MTBF and MTTR Explained: Maintenance KPIs Every SA Operation Should Track
If you run a mine, a factory, or a facility in South Africa, you already know that unplanned downtime costs more than labour and parts — it costs production, safety, and compliance. The question is how to measure whether your maintenance is actually improving. MTBF and MTTR are two of the most widely used maintenance KPIs for exactly that: they tell you how often equipment fails and how long it takes to fix. Used together with OEE and a few other metrics, they give you a clear picture of equipment reliability and where to focus next.
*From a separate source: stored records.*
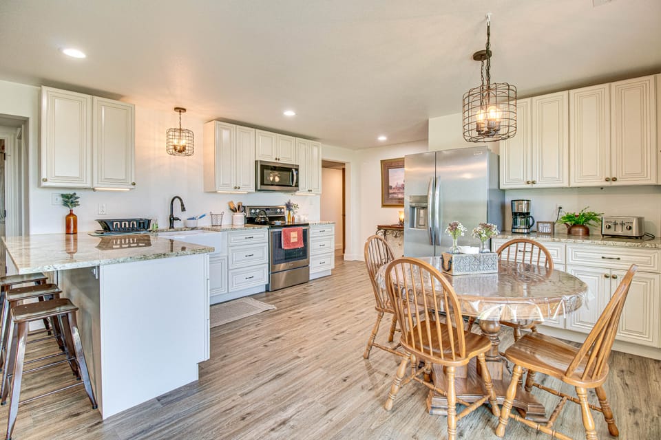 KITCHEN: Stove/oven, refrigerator, microwave, dishwasher, Crockpot, dishware/flatware, cooking basics, drip coffee maker (starter coffee provided), toaster, breakfast bar
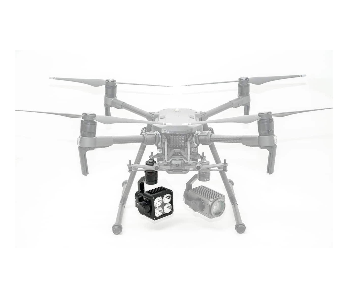 Er kann direkt an der Gimbal-Schnittstelle montiert werden und unterstützt die dualen abwärtsgerichteten Gimbals der DJI M200 Serie und M300.
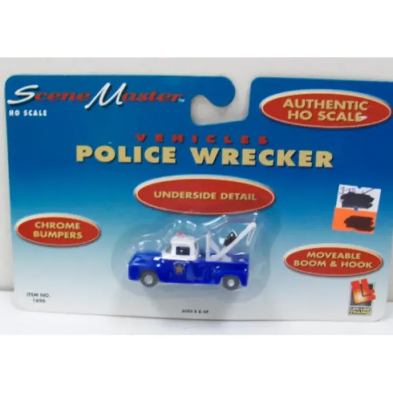 This is a Life-Like 1696 HO SceneMaster Series Police Wrecker. Suitable for Ages 8 & Older. Features: Authentic HO scale model with a 1950’s molded body style, Fully painted and decorated, Movable boom and hook, Separately applied detail parts including chrome bumper, Interior detail, Molded chassis detail. Includes (1) Vehicle. Scale: HO 1:87. Length: 2-3/8 (60mm). Width: 1 (25mm).
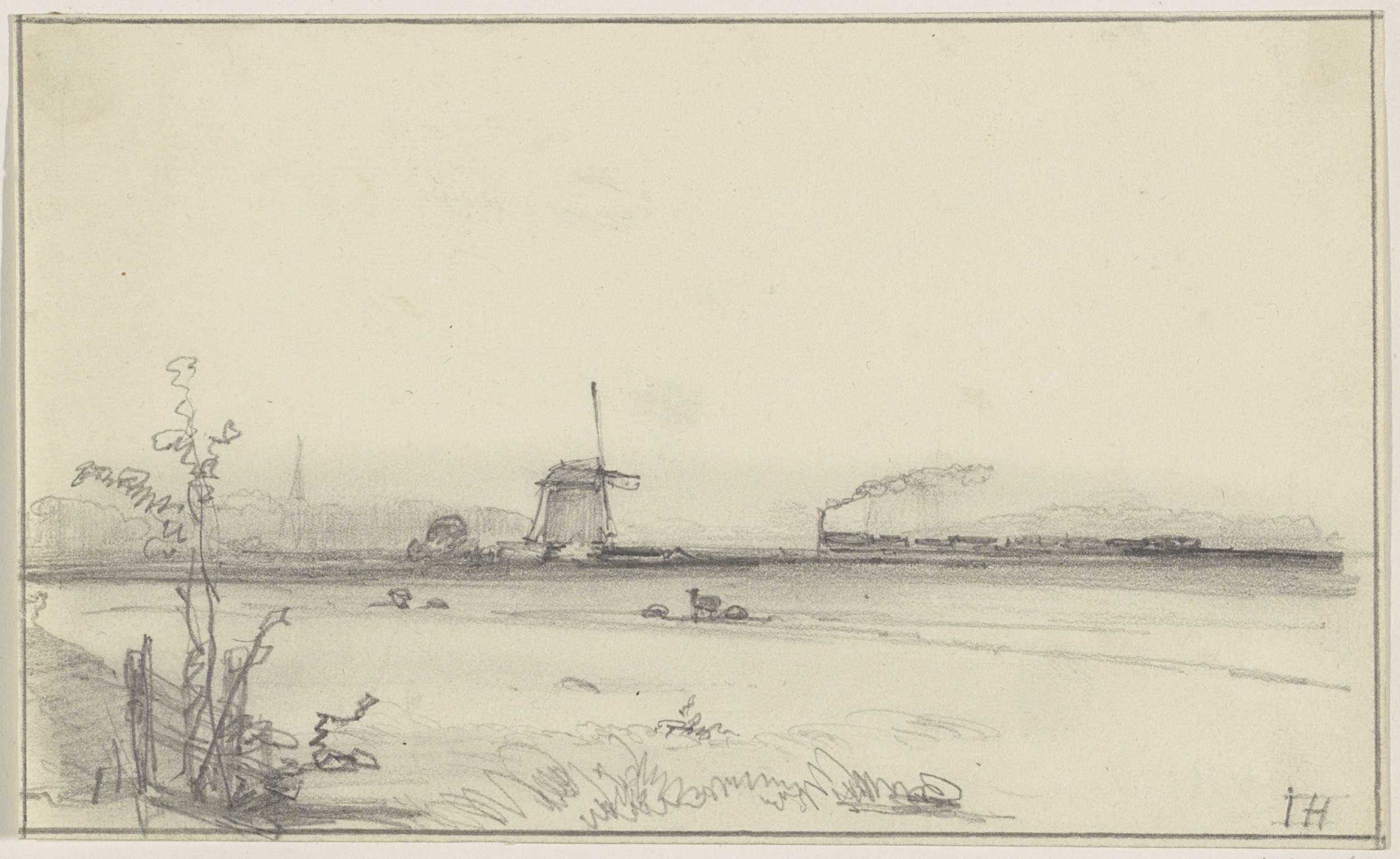 Polderlandschap met molen en stoomtrein

This guide explains how to calculate MTBF and MTTR, what good looks like, and how maintenance impacts broader metrics like OEE. We use concrete South African examples — a mining hoist, a packaging line, and commercial HVAC — and show how a CMMS can track these KPIs automatically so you spend less time on spreadsheets and more time on improvement.
Why Maintenance KPIs Matter
Without numbers, maintenance stays subjective. One shift says the plant ran well; another says everything broke. Auditors and management want evidence: are failures going down? Is repair time improving? Are we doing enough preventive work? Maintenance KPIs turn that evidence into a shared language. They help you:
- Prioritise — Focus on assets or failure types that hurt the most.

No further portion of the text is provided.